How Public Transit Funding Shapes Job Access—and Inequality

公共交通资金如何塑造就业机会与不平等

  1. A ten-minute bus ride may determine whether someone qualifies for a living-wage job—if service runs hourly instead of every fifteen minutes, reliability drops and opportunities shrink.
  2. Suburban employers complain about hiring shortages, yet many locate far from transit hubs—assuming workers own cars, despite rising insurance and fuel costs.
  3. Funding formulas often prioritize ridership density over need: high-traffic downtown lines get upgrades, while low-income neighborhoods with irregular schedules get deferred maintenance.
  4. When a city extends light rail to tech corridors but skips bus rapid transit for factory zones, it signals whose commutes matter most to regional growth plans.

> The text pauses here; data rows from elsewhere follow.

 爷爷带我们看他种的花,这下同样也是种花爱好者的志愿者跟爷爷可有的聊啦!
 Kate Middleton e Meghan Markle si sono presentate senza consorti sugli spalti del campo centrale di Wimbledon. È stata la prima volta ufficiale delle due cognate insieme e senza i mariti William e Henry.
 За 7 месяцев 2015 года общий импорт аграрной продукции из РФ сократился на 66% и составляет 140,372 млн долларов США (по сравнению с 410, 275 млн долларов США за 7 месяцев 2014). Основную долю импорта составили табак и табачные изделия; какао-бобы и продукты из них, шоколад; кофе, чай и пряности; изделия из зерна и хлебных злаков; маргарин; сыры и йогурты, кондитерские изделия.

  5. Transit deserts don’t just inconvenience riders—they constrain wage growth, especially for women and caregivers managing nonstandard hours and multiple drop-offs.
  6. Federal grants require matching funds, so poorer cities cut service before applying—deepening mobility gaps rather than closing them.

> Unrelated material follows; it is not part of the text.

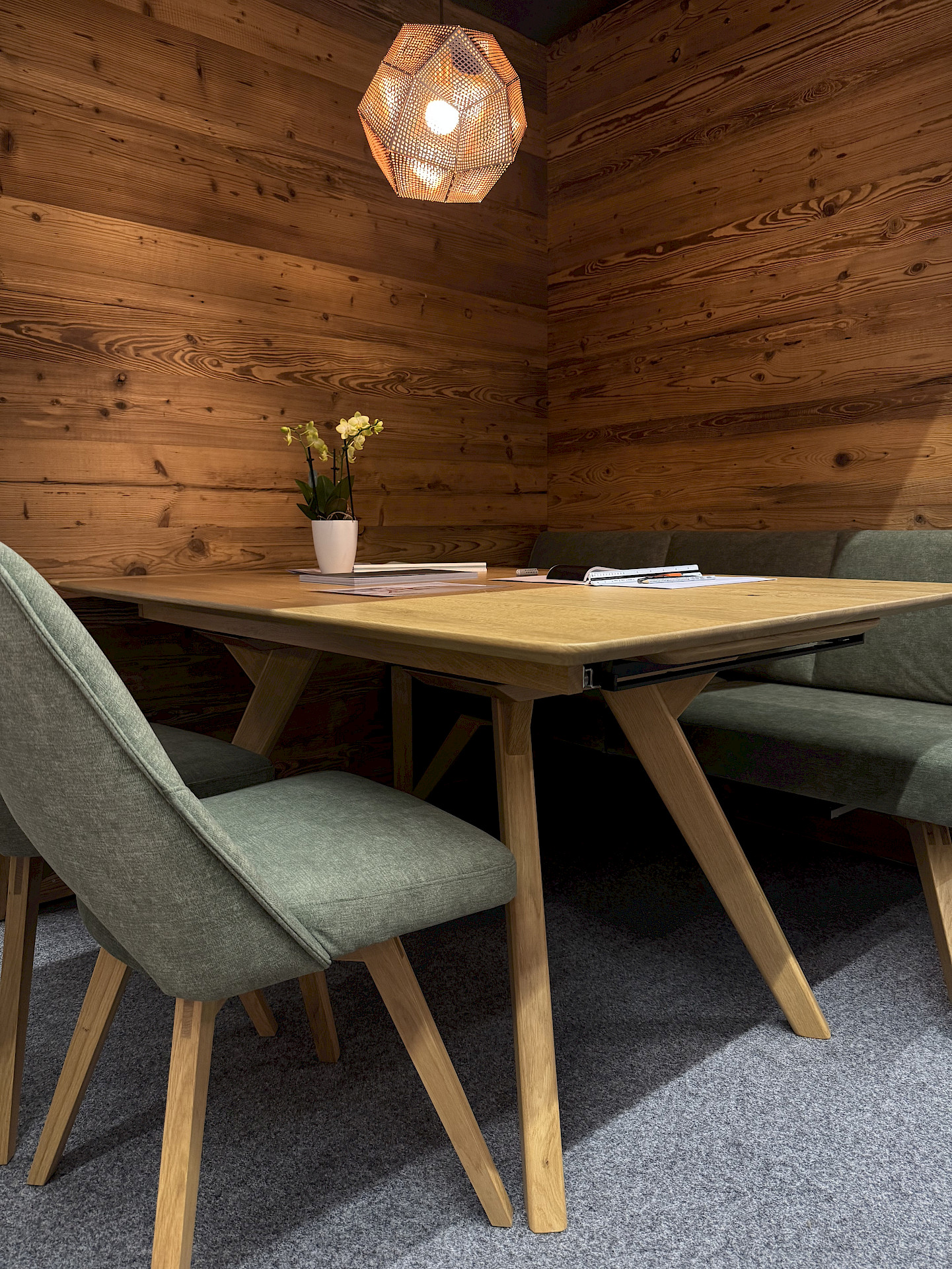 Moderne Essgruppe im skandinavischen Stil – gemütlich, elegant und zeitlos.
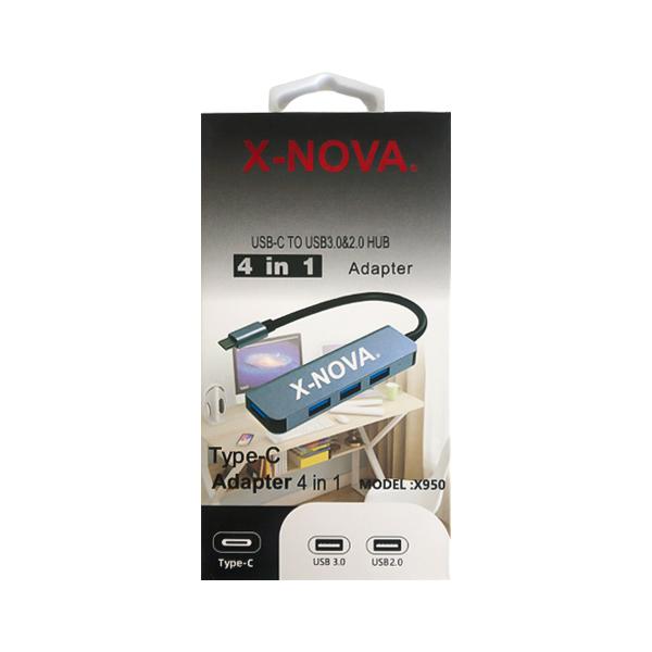 هاب تایپ سی 4 پورت USB3.0 نووا مدل X950 عدد

  7. Remote work hasn’t erased this issue: hybrid schedules increase demand for flexible, off-peak transit—not just peak-hour capacity.

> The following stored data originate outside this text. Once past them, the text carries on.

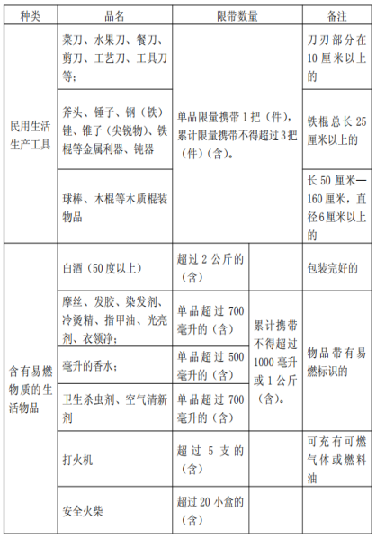 春運(yùn)禁帶、限量物品:
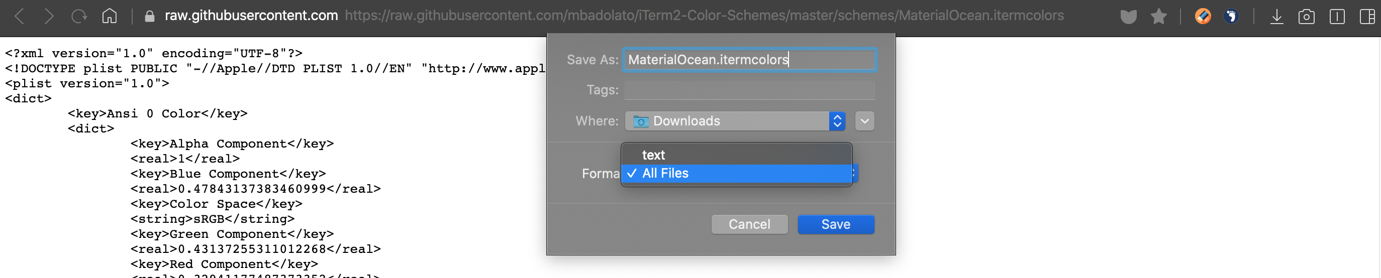 저장 (cmd + s)을 입력하면 아래같은 창이 뜨는데, All Files 포맷에 파일 이름은 .itermcolors가 되게 저장한다
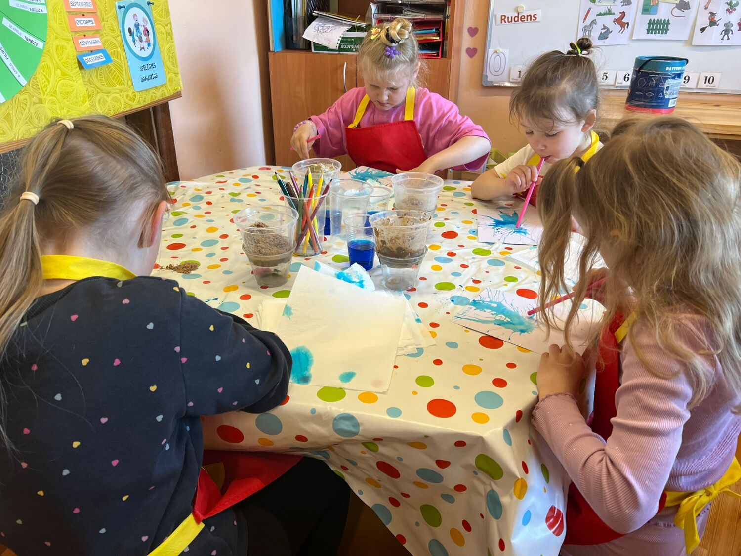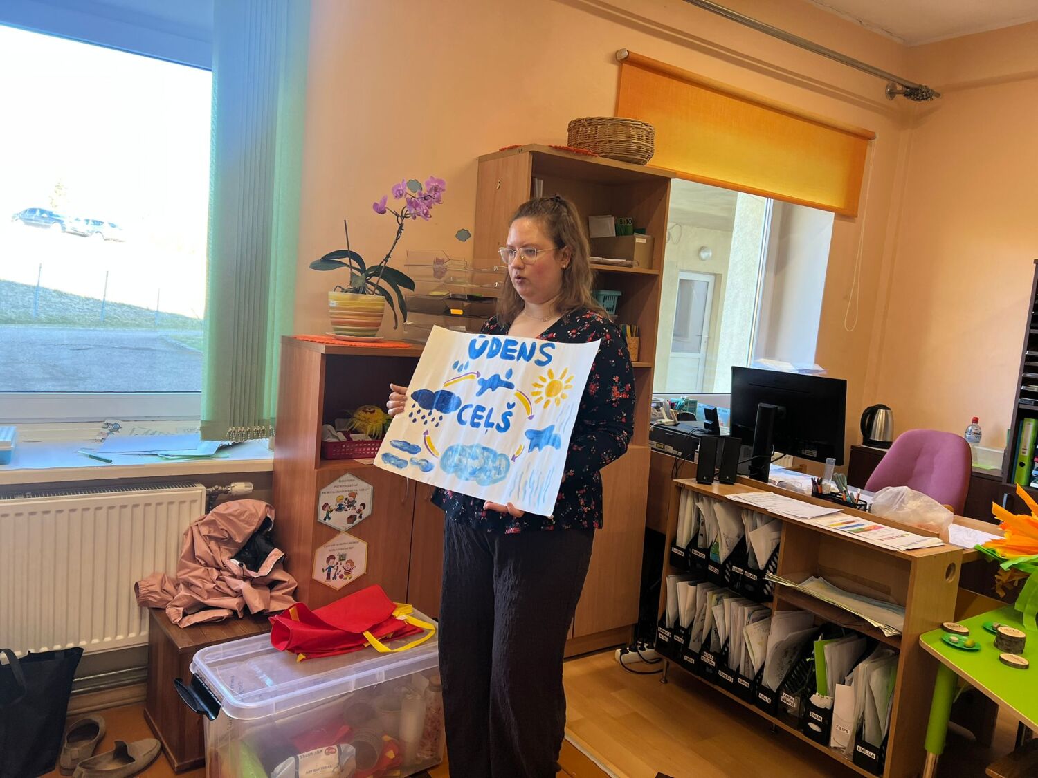 Viss sākās ar sarunu par peļķēm, tādā veidā netieši informējot bērnus, par ko būs turpmākā norise. Tāpat tika noskaidrotas arī bērnu versijas par to, kā veidojas peļķes. Sekoja praktisks eksperiments, kurā parādīta dažādu materiālu ūdens caurlaidība – kā ūdens tek caur dažādu frakciju šķembām, smilti, granti, kā izvēlētais materiāls ietekmē ūdens novadīšanu no ceļa vai taciņas lietus laikā.

  8. Employers increasingly co-fund passes or subsidize e-bikes, recognizing that transport friction reduces retention as much as salary gaps.
  9. Yet infrastructure decisions take years; workforce needs shift in months—leaving policy perpetually reactive, not anticipatory.
  10. Access to jobs isn’t just about skills training—it’s about whether the bus arrives before your second interview starts.
  11. Mobility equity isn’t charity; it’s economic efficiency measured in lost productivity and untapped talent.
  12. Ask not just ‘Where are the jobs?’ but ‘Who can actually reach them—and at what real cost?’